You can also find tips for spouses of PTSD on the sister post ‘How to Love Your Veteran – Part One’!

DAILY PROMPT: You’re A Mean One Mr. Grinch – Catch .22

The quality in others that bugs me the most has to be ignorance and lack of care for others. On a more biased note it REALLY bugs me when people do not even attempt to understand, tolerate, and/or genuinely care about veterans, military, and their families. Being that I am surrounded by the military culture everyday these peoples have not only become my family (quite literally) but have also become my passion. So it is only natural that I be a bit biased towards everything pertaining to them. Ironically one of my least favorite characteristics in people may also be one of the least desirable characteristics in myself. While I try my best (but can always do better) to be understanding and caring of others I too am not always great at this. There are many things I am ignorant about myself. I have actually thought quite a bit about this contradiction and how to solve it in myself as it both frustrates and confounds me. 
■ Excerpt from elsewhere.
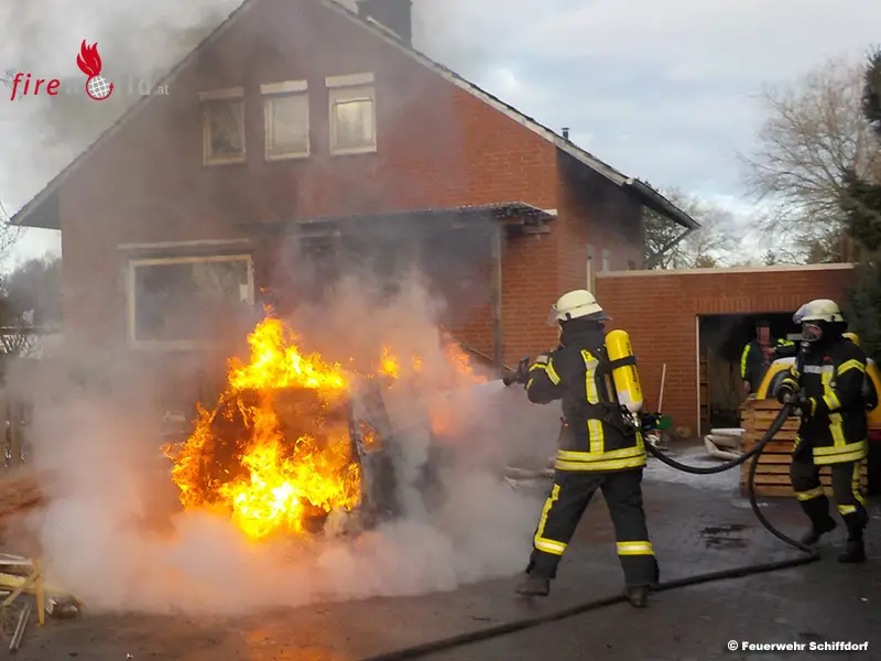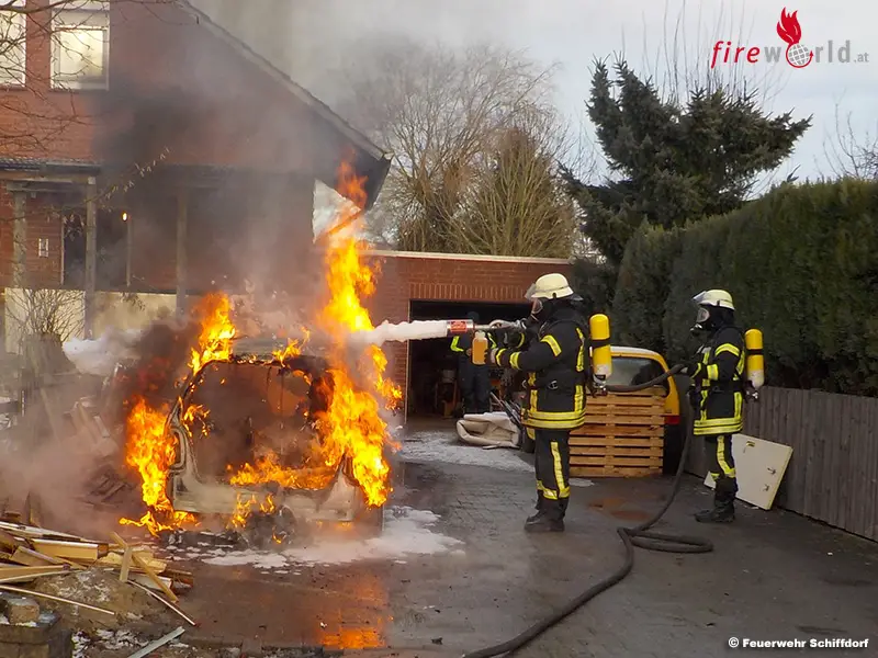 SCHIFFDORF (DEUTSCHLAND): Die Feuerwehr Schiffdorf ist am Sonntag, den 15.01.2017, um 09:29 Uhr zu einem Fahrzeugbrand in der Straße Große Litt in Schiffdorf-Friedheim alarmiert worden. Auf Grund glatter Straßen galt bei der Anfahrt äußerste Vorsicht.

It can be really difficult, especially if you’re an over thinker like me, to both be passionate about something and unbiased about it at the same time. In fact, I’d venture to say that it’s basically impossible. One can surely work to understand and listen to opposing sides of something, but by human nature we are biased. Period. It’s also pretty impossible as humans to know and care deeply about any and every cause out there. We can support all the causes we find “good”..cancer, veterans, abused children, AIDS awareness, ext….however being active and genuinely passionate (in the word’s deepest form of meaning) of so many things is simply impossible. And what I’ve learned over time is that is OK. In fact, this kind of biased can be a GOOD thing.
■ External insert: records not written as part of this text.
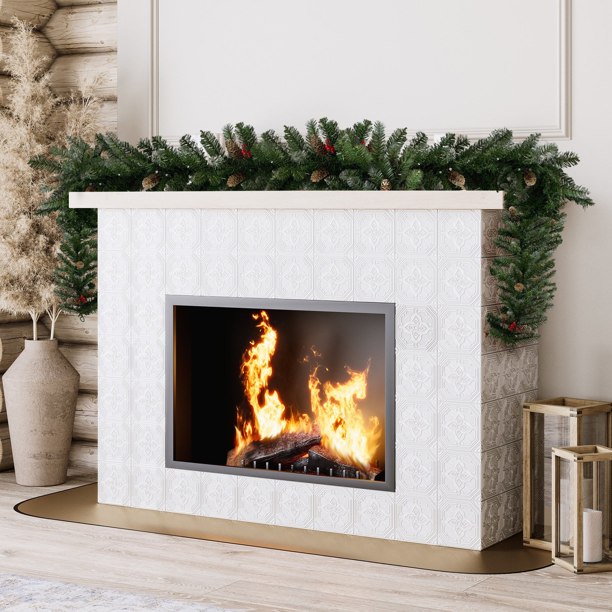 Adorned with pine cones and red berries, it is perfect for creating a cheerful and welcoming atmosphere during the joyous season.
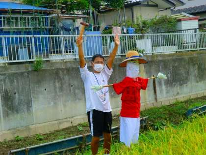 本来であれば、子供たちと一緒に長堀小の青空農園に出向き、6年生から5年生へのプレゼントとして、かかしを立てる計画がありました。
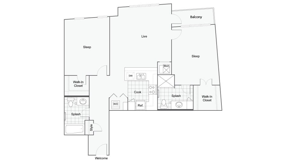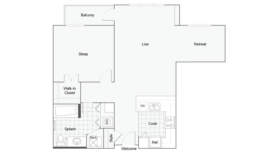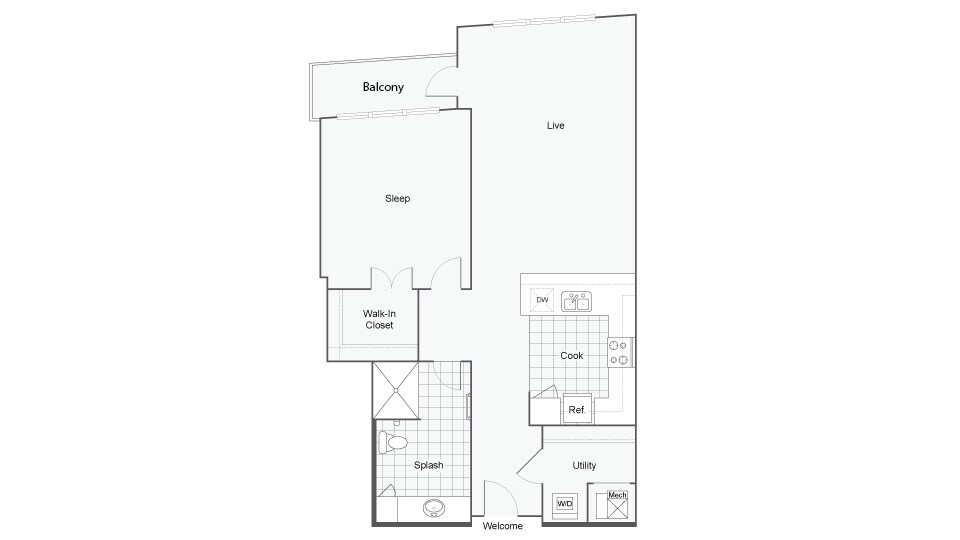1 Dormitorio, 1 Baño, 690 pies²Disponible AhoraGalería del Modelo

If we were all passionate about everything we thought worthy of our passion then we would never get anything done (as funny as that sounds). It’s the same idea that if EVERYONE was an amazing football player, then essentially NO ONE would be a great football player because we would all be equal. Or the fact (yes I said it, FACT) that not EVERYONE can be a winner, otherwise NO ONE would win. 

We are all good at certain things because if we were all good at the same thing we would never accomplish anything. Society and life requires that we all be better at different things. We all have our unique gifts and likewise we all have our unique passions. If everyone was passionate about fighting cancer, then who would be left to stand up for abused children? If we were all passionate about teaching, then who would there be to invent advancing technology?
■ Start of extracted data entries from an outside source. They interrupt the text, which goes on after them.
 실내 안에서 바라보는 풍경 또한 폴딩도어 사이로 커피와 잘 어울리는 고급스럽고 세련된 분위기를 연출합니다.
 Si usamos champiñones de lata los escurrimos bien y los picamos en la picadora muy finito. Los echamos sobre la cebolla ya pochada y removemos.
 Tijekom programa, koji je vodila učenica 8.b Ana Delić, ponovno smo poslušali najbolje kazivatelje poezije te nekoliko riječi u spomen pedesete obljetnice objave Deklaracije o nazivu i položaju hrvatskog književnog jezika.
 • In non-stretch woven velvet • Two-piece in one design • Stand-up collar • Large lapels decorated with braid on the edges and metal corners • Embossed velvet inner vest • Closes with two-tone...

In realizing this I have also formed the opinion that I believe counseling would be so much more productive and helpful if we didn’t have just “general psychologist/counselors/ext” but if each psychologist/counselor worked specifically with the issues they were most passionate about. Of course a theory like this requires a perfect world where we would never be short of counselors for every kind of issue/peoples. But hear me out. If I am most passionate about military, veterans, and other service workers such as police and firefighters then I am naturally going to be much better at helping them and listening to them than I would be at listening to someone, who say, suffers from multiple personality disorder. However someone who is very passionate about families and children and keeping them together are going to be much better at marriage, family, and child counseling. 

This is not to say that I don’t care deeply about all kinds of people and issues, but we all have specific passions. And even as someone whose passion is to help people through counseling, generally speaking they will also have a more specific passion for certain types of issues. I think by focusing on our passions this would not only make for better counseling and help, but also less burnout for counselors and psychologists/psychiatrists.

So I guess to get back to the point of this whole rant. While we all have our pet peeves and dislikes, we are all just as guilty of distasteful characteristics to others. However I think that, like our differences in passions, our differences in personality go hand in hand. We are all different, and we cannot expect to like everyone around us, but through our differences comes the success and beauty of mankind.